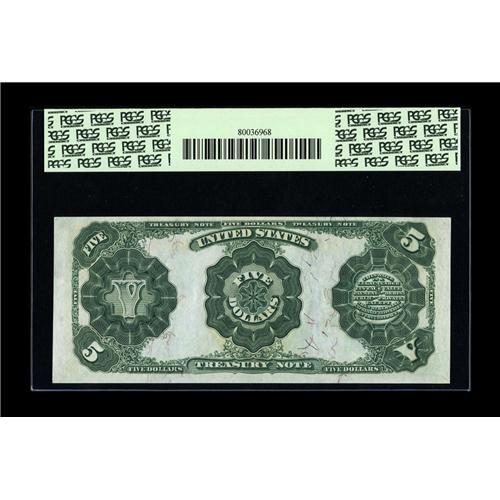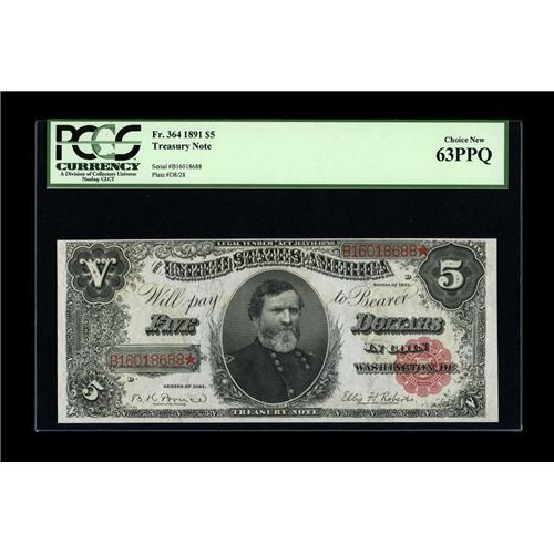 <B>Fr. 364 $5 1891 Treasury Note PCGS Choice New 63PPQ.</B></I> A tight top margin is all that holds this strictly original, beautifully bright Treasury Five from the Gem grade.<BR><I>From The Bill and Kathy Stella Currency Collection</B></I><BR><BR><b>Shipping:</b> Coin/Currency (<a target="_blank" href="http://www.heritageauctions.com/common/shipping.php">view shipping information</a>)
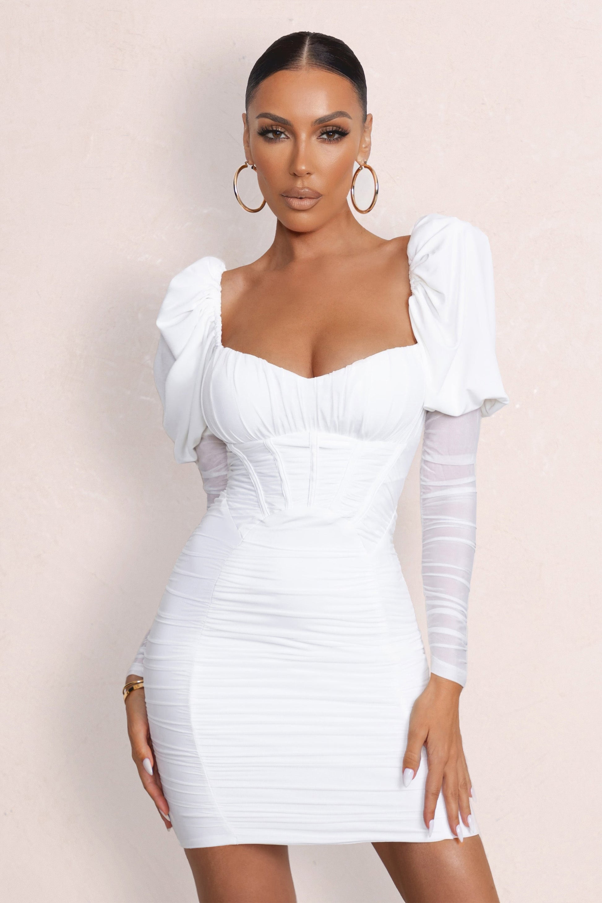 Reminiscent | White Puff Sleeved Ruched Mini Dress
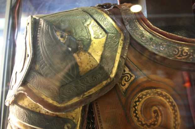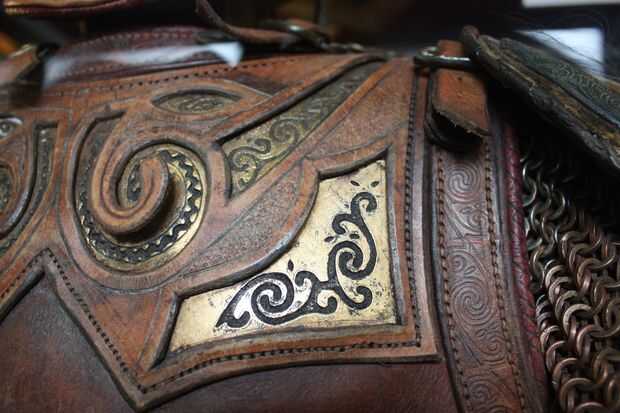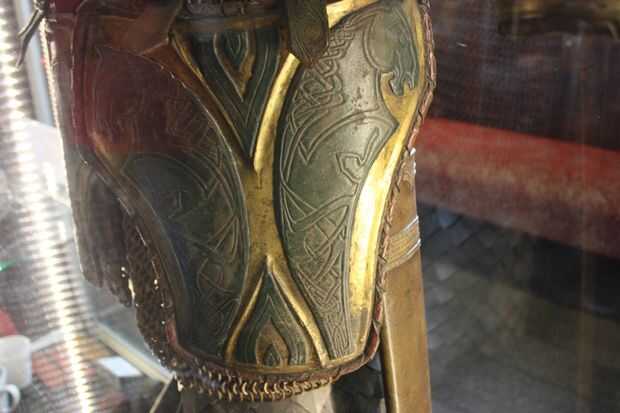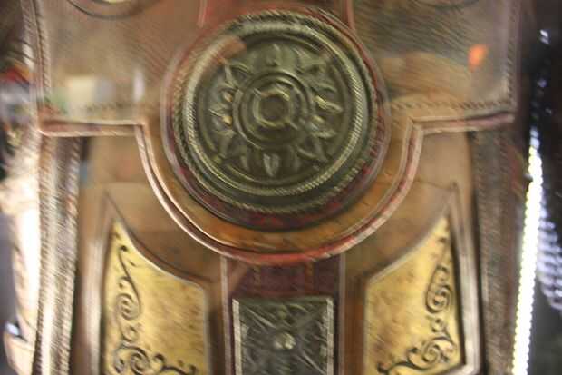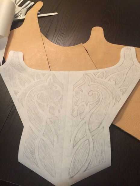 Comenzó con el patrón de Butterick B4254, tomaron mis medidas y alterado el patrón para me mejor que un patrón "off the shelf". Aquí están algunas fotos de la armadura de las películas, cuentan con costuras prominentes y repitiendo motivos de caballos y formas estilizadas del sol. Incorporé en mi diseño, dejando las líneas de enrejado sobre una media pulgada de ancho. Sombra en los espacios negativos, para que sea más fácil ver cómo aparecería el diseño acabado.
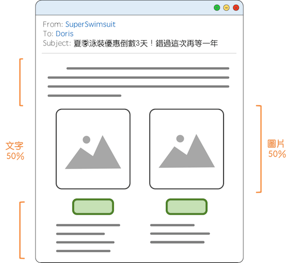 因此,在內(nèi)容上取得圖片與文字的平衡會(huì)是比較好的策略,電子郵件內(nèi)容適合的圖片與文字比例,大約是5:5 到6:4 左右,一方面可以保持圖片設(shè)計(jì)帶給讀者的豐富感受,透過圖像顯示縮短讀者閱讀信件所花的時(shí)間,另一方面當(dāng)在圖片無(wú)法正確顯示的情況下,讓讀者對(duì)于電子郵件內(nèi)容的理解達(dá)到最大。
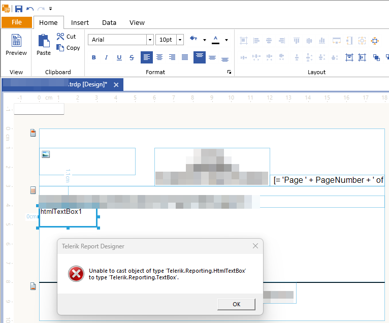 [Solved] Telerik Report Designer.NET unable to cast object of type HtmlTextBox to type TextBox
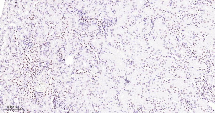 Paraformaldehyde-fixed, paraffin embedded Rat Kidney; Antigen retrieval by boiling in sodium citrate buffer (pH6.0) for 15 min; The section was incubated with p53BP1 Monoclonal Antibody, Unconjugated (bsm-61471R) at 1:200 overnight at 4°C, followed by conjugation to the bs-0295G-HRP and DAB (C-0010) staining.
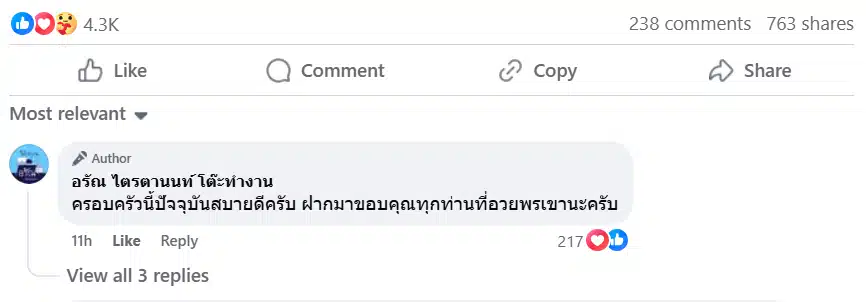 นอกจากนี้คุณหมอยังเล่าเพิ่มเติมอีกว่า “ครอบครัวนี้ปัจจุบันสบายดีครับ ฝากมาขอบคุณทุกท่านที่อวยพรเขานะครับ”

* * *

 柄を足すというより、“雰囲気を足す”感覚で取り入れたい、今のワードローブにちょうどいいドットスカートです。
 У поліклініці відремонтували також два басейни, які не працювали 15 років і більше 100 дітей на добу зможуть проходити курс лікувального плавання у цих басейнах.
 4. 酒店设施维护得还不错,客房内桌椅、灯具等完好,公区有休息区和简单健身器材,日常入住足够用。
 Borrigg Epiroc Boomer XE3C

#### Exercise description
In the listing above, find the line containing "<B>Fr. 364 $5" and the line containing "Reminiscent | White". Reproduce those lines and all between them exactly, with no pictures and nothing more.

#### Your solution
 <B>Fr. 364 $5 1891 Treasury Note PCGS Choice New 63PPQ.</B></I> A tight top margin is all that holds this strictly original, beautifully bright Treasury Five from the Gem grade.<BR><I>From The Bill and Kathy Stella Currency Collection</B></I><BR><BR><b>Shipping:</b> Coin/Currency (<a target="_blank" href="http://www.heritageauctions.com/common/shipping.php">view shipping information</a>)
 Reminiscent | White Puff Sleeved Ruched Mini Dress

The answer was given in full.